The Treasury and the FedThe Fed essentially sets the cost of money through a variety of activities including balance sheet purchasing. The Fed’s balance sheet purchasing, sometimes referred to as “quantitative easing,” impacts all interest rates, which materially affects things like cap rates and rates of return for alternative investment programs.
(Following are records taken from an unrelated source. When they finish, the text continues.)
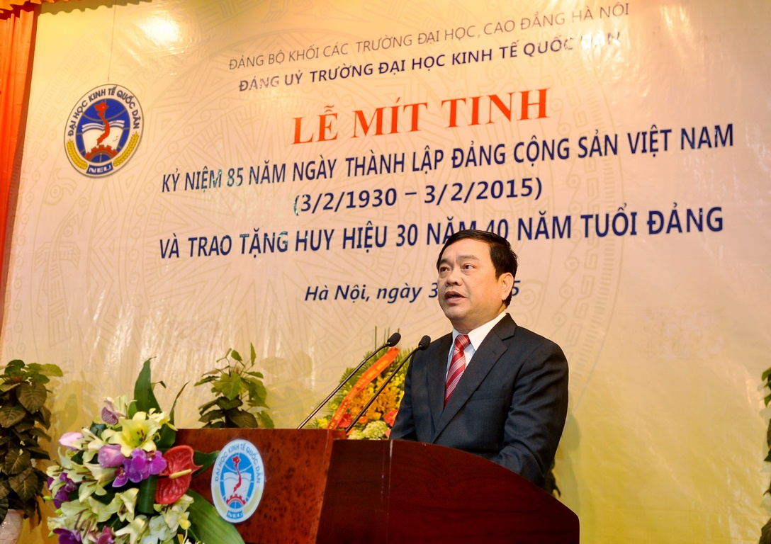 Trong không khí vui tươi, phấn khởi mừng Đảng 85 tuổi, mừng năm mới 2015 và xuân Ất Mùi, xin kính chúc các đồng chí cùng gia đình mạnh khoẻ, hạnh phúc. Chúc các đồng chí đạt nhiều thành tích trong công tác. Chúc Trường Đại học Kinh tế quốc dân thân yêu của chúng ta bước vào giai đoạn phát triển mới với một khí thế mới, gặt hái được nhiều thành công trong sự nghiệp giáo dục và đào tạo, xứng đáng với niềm tin và sự kỳ vọng mà Đảng, Nhà nước và xã hội đang chờ đợi ở chúng ta.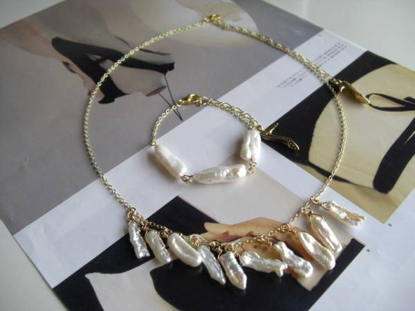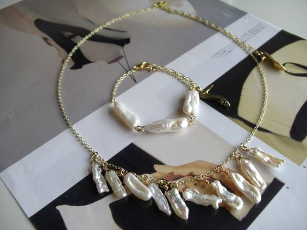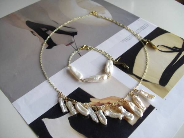 女の子らしさを+して・・シリーズです♪パール物語・・繊細な淡水ビワパールのネックレスとブレスレットの2点セットです♪華奢なチェーンを合わせて可憐な表情です♪ネックレスは16+7ミリ位のクレオデザインのビワパールです♪長さは50センチ+アジャスター10センチで最長60センチ位です♪ブレスレットは22+8センチ位のビワパールです♪長さは17センチ+アジャスター6センチで最長23センチ位です♪それぞれ単品やピアスも出品しています♪ハンドメイドをご理解頂いてノークレーム、ノーリターンでお願いします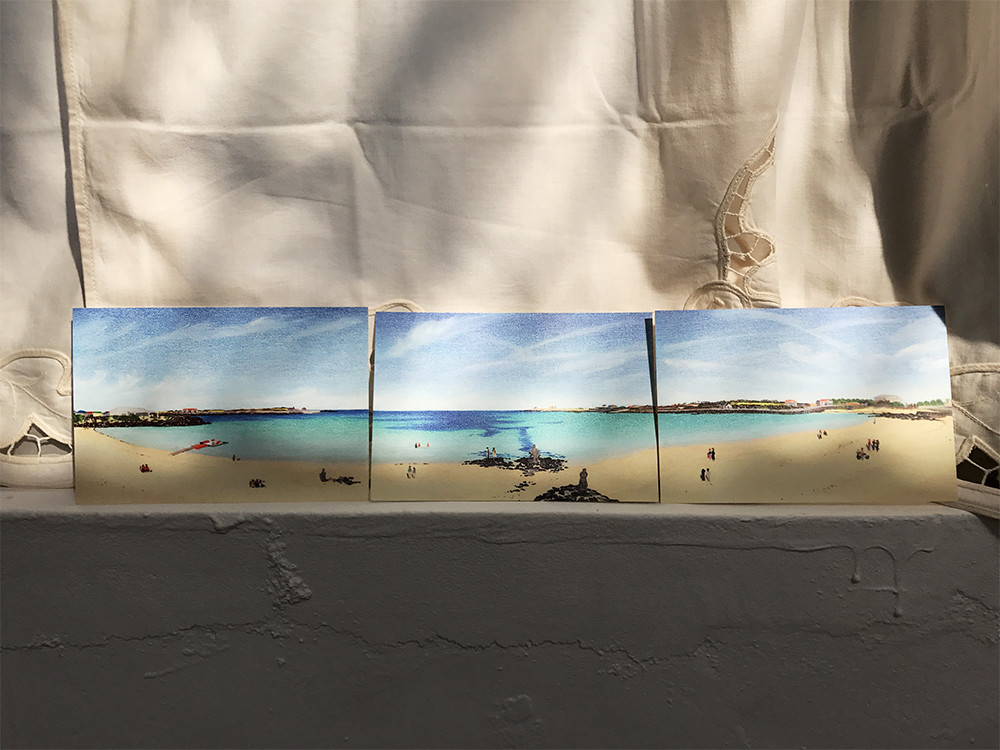세 장이 하나로 이어지는 엽서 세트입니다.
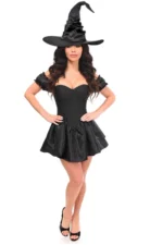 Step into a realm of timeless witchcraft and refined allure with the Top Drawer Black Witch Halloween Corset Dress Costume, where classic Halloween fantasy meets sophisticated corsetry. Ideal for mesmerizing at costume parties, themed weddings, or fall festivals, this two-piece set—featuring a fully steel-boned corset dress and a ruched witch hat—delivers a complete, head-to-toe transformation. Designed for those who adore blending vintage charm with modern comfort, this witch corset dress costume sculpts your silhouette while allowing effortless movement, ensuring you command attention without sacrificing style. Whether you’re a seasoned cosplayer or dipping your toes into enchanted attire, this ensemble promises to weave magic into every moment.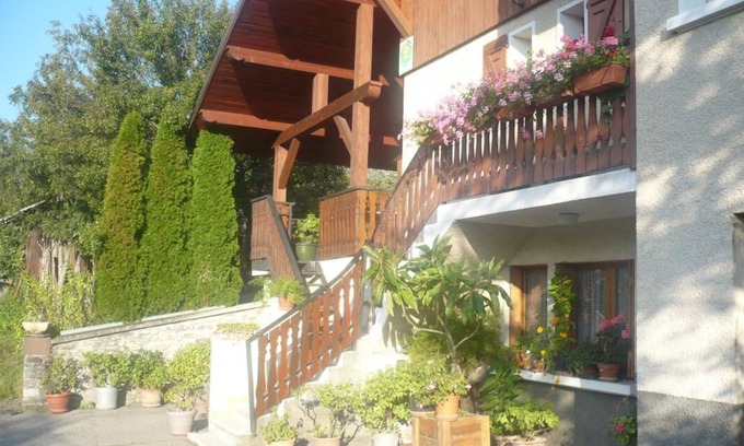 Gîte in the owner's house. 2nd floor: living room-kitchen lounge area (1 double sofa bed), 2 bedrooms (2 double beds 140x190 cm) including one with a small attic mezzanine (1 single bed without foot), shower room (multi-jet shower), separate WC. 2 balconies. Private sheltered terrace. Private courtyard + land. Ski Montalbert / La Plagne 9km, Bourg St Maurice / Les Arcs funicular 11km. Developed lake + leisure center 2km. Beautiful contemporary style house located 9km from the slopes. Quiet residential area at the top of the village. Good comfort. Spacious. Warm mountain character. Double balcony. Large sheltered terrace on the 1st floor. Superb landscaped and flowery outdoor space (swing). Pleasant view of the mountain and the valley.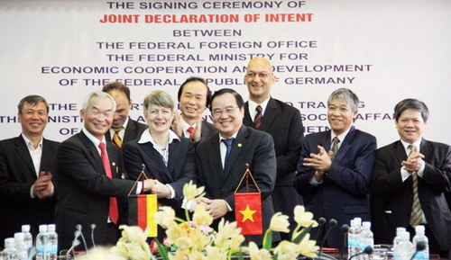 (VOV5) - Sáng 18/3, tại Hà Nội, Bộ Giáo dục và Đào tạo, Bộ Lao động - Thương binh và Xã hội Việt Nam ký Tuyên bố hợp tác với Bộ Ngoại giao, Bộ Kinh tế và Hợp tác phát triển, Cộng hòa liên bang Đức về phát triển, đào tạo nguồn nhân lực.

To explore more fully, let’s imagine a person named Trey, and his cool guy alter ego who we’ll call the “the Fred.” Trey is an artist who paints pictures and sells them at auctions. Whenever bidding for Trey’s paintings is slow, the Fred steps in to keep the bidding going with magic money that only he has. Occasionally Fred gets stuck owning a few. Trey is very cautious of selling too many of his paintings to the Fred because there have been many such Trey/Fred relationships around the globe in the past, and every one of them has soured because the painter abused the friendship of their buying alter-ego. The Fred realizes that if he keeps throwing his magic money around all kinds of strange things may happen and not just to the price of art. Maybe art in general will be so expensive that people will look at all other asset classes as being “better buys.” Starting in late 2008, their relationship changed, because the market for Trey’s paintings turned south; and before either of them knew it, Fred’s inventory of paintings, which for years had been minimal, all the sudden ballooned to trillions of paintings. In 2013 Fred started to feel he was being taken advantage of by Trey and started letting everyone know that he was going to scale back his purchases and he was giving Trey time to adjust before he stopped buying all together. Well, people threw a tantrum over the suggested tapering. “How dare you” they said, “if you start tapering now, we’ll never speak to you again.” The threat worked, and the Fred said, “I take it back.” Sad to say the Fred never was able to sell any of Trey’s paintings and only ended up buying more, lots more, and today has around 8 trillion of them laying around. Not only that, at some point along the way, Trey started asking the Fred to buy the paintings of some of his friends, including a huge producer of art who we’ll call Mort G.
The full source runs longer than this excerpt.